Ivory Streeter and Mark Gardner filed a lawsuit in Fulton County’s Superior Court on June 8. In the suit, the pair claim they were denied due process and unfairly terminated.
The incident occurred on May 30 in downtown Atlanta. Streeter, Gardner and four other officers approached a car driven by 22-year-old Messiah Young to enforce the city’s 9 p.m. curfew. The officers broke the car windows and deployed tasers before the pair were removed from the car. Taniyah Pilgrim, 20, was tased before officers opened the door and pulled out of the passenger seat. Young was also tased several times. As his eyes rolled back and his body convulsed, his door was also opened and he snatched out of the vehicle.
Pilgrim later said she and Young feared for their lives.
“We felt like we were going to die in that car,” the Spelman student said at a June 1 press conference.
Young was left with a fractured arm and a wound that required 20 stitches.
“This has truly been one of the hardest things I’ve ever experienced in my life,” the Morehouse College student told reporters.
Both were arrested but the charges were eventually dropped. Gardner and Streeter were fired a day after the incident.
“After review of that footage, Chief [Erika] Shields and I have made the determination that two of the officers involved in the incident last night will be terminated immediately,” Bottoms said in a news conference on May 31.
Four other officers were placed on desk duty or administrative leave while the confrontation was being investigated. This is a source of contention for Gardner and Streeter, according to court documents obtained by CBS46.
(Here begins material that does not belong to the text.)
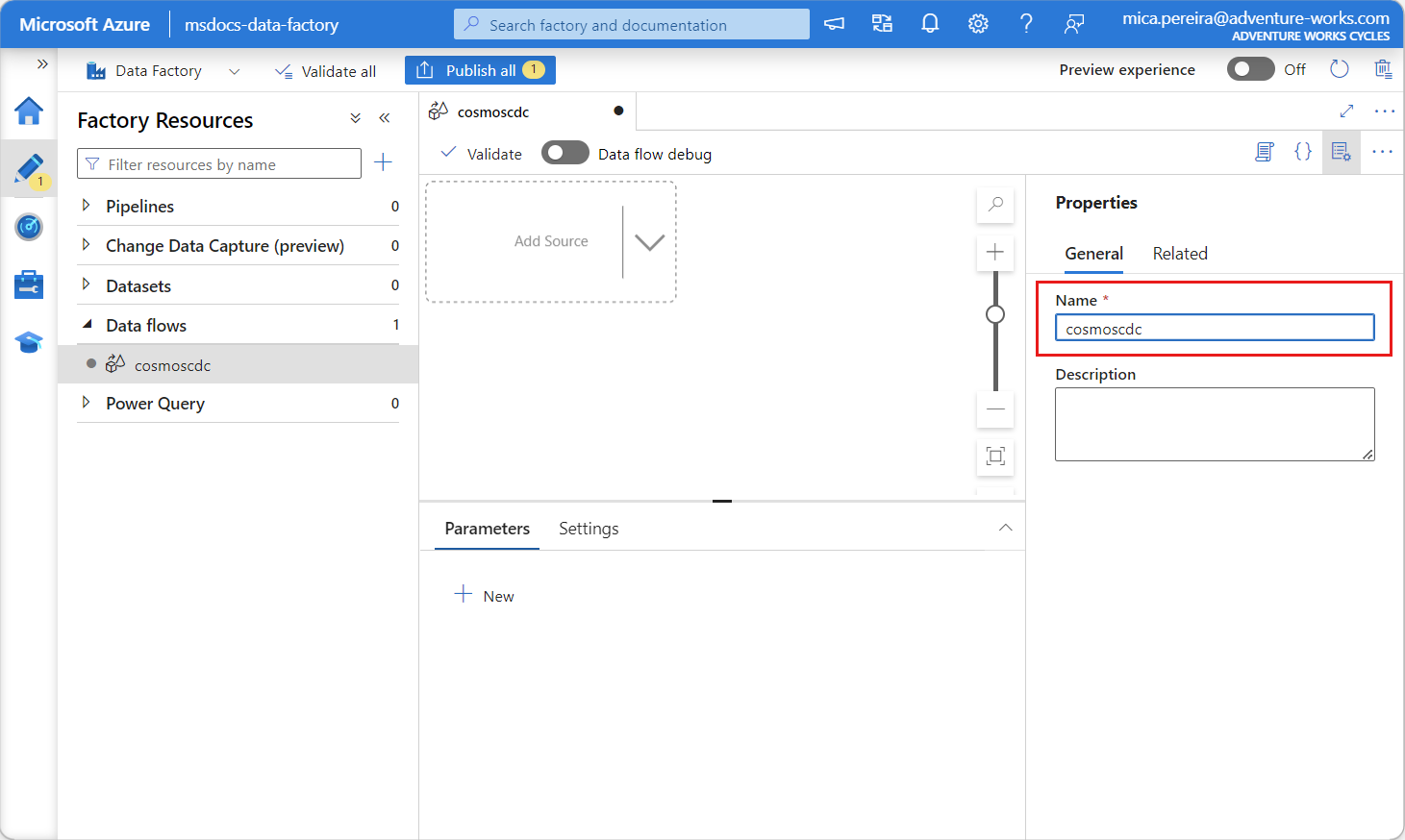 分析存储的变更数据捕获功能可通过 Azure 数据工厂或 Azure Synapse Analytics 的数据流功能获得。 对于本指南,请使用 Azure 数据工厂。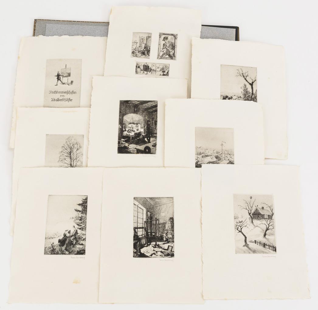 10 etchings in original portfolio with pasted ex libris "Dr. med. Adolf, Georg, Peter Büttner". Partly somewhat foxed and creased.

“The other four police officers who were involved in the incident were engaged in substantially similar conduct, which was also alleged to be improper, but have not been dismissed and are, by information and belief, either on paid leave or have been assigned to non-enforcement duties,” the suit states.
Fulton County District Attorney Paul Howard announced he was pursuing charges again all the officers involved on June 2. Shields later called the move “political” in a memo to her staff.
The papers argued Gardner and Streeter’s use of force was “was proper and in compliance” with Atlanta Police policy and state laws. The suit added the duo was “summarily dismissed from their employment by Petitioner Shields, without an investigation, without proper notice, without pre—disciplinary hearing, and in direct violation of the municipal code of the City of Atlanta.”
The lawsuit states the pair have “suffered irreparable injury to their personal and professional reputations as result of their unlawful dismissal. As result of the unlawful action of the Respondent, the Petitioners have become public spectacles and objects of ridicule. Their unlawful termination was unnecessarily public and has attracted national media attention.”
Gardner and Streeter are seeking reinstatement and back pay.